__Task to complete__
Reproduce the material below line by line, beginning with its first line and ending with the line that contains "Gasinfrastruktur - Untertagespeicherung"; leave out pictures.

__Data provided__
-- Opening Marker --

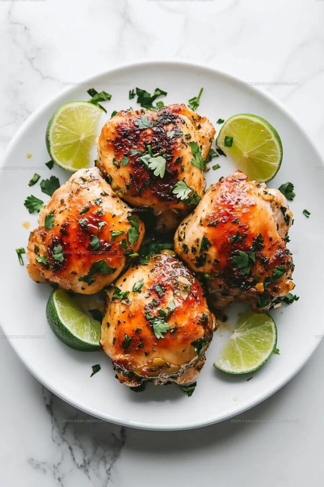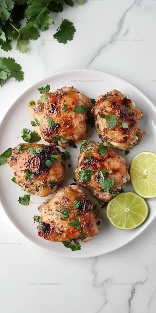 Sprinkle the remaining chopped cilantro over the cooked chicken. Squeeze fresh lime wedges on top for an extra burst of brightness. Serve immediately and enjoy your zesty meal!
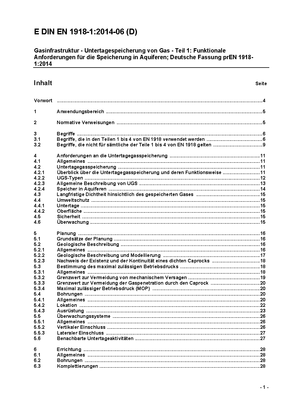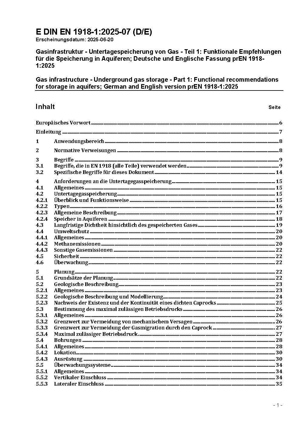 Gasinfrastruktur - Untertagespeicherung von Gas - Teil 1: Funktionale Empfehlungen für die Speicherung in Aquiferen; Deutsche Fassung EN 1918-1:2016 / Achtung: Diese Norm ist Bestandteil des DVGW Regelwerks.
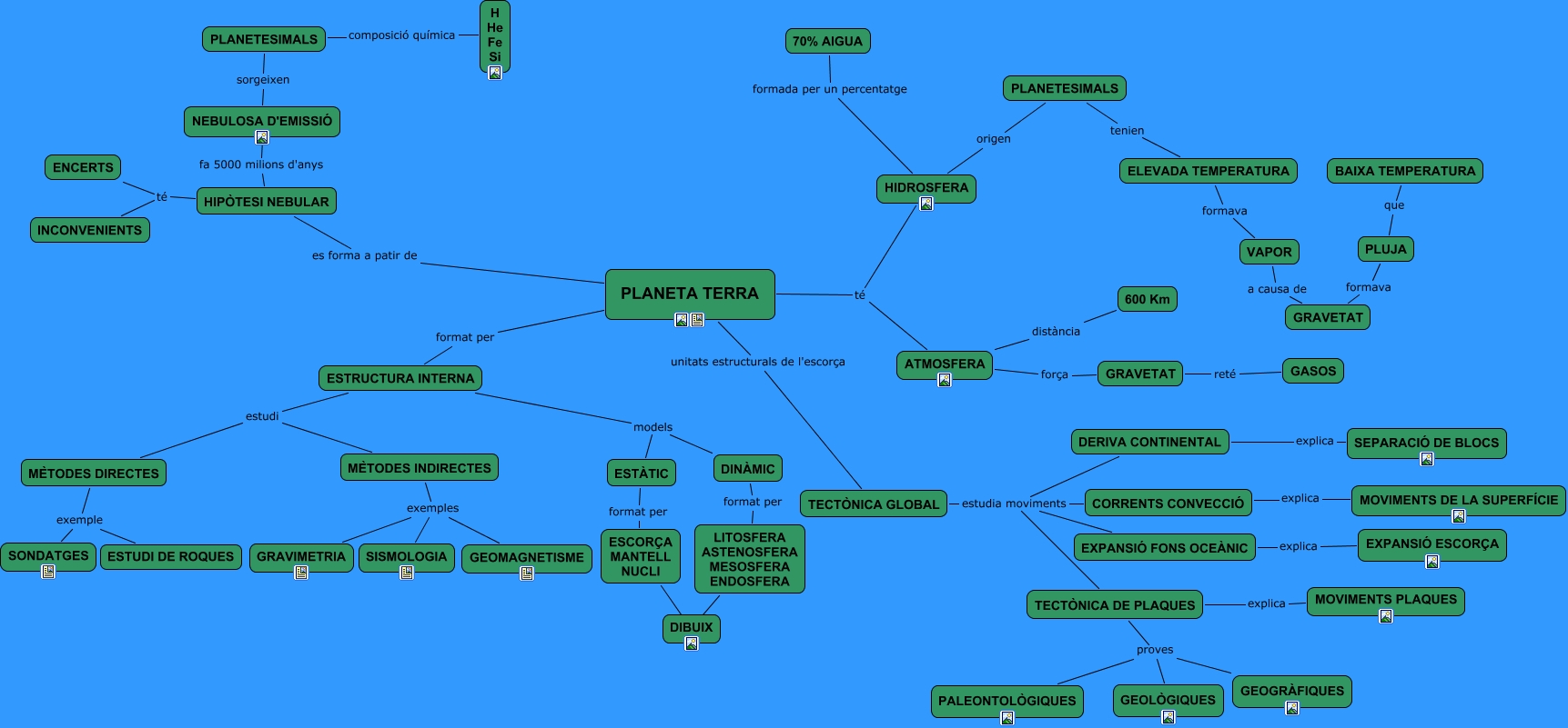 Aquest mapa conceptual conté informació relacionada amb: Jordi Coste, MÈTODES DIRECTES exemple ESTUDI DE ROQUES, VAPOR a causa de GRAVETAT, ESTRUCTURA INTERNA models ESTÀTIC, ELEVADA TEMPERATURA formava VAPOR, TECTÒNICA DE PLAQUES proves GEOLÒGIQUES, HIDROSFERA formada per un percentatge 70% AIGUA, PLUJA que BAIXA TEMPERATURA, MÈTODES INDIRECTES exemples SISMOLOGIA, GRAVETAT reté GASOS, ESCORÇA MANTELL NUCLI ???? DIBUIX, TECTÒNICA DE PLAQUES proves GEOGRÀFIQUES, PLANETESIMALS composició química H He Fe Si, MÈTODES DIRECTES exemple SONDATGES, EXPANSIÓ FONS OCEÀNIC explica EXPANSIÓ ESCORÇA, ESTÀTIC format per ESCORÇA MANTELL NUCLI, TECTÒNICA GLOBAL estudia moviments DERIVA CONTINENTAL, MÈTODES INDIRECTES exemples GEOMAGNETISME, ESTRUCTURA INTERNA estudi MÈTODES DIRECTES, TECTÒNICA DE PLAQUES proves PALEONTOLÒGIQUES, ATMOSFERA força GRAVETAT

-- Closing Marker --

__Exercise result__
 Sprinkle the remaining chopped cilantro over the cooked chicken. Squeeze fresh lime wedges on top for an extra burst of brightness. Serve immediately and enjoy your zesty meal!
 Gasinfrastruktur - Untertagespeicherung von Gas - Teil 1: Funktionale Empfehlungen für die Speicherung in Aquiferen; Deutsche Fassung EN 1918-1:2016 / Achtung: Diese Norm ist Bestandteil des DVGW Regelwerks.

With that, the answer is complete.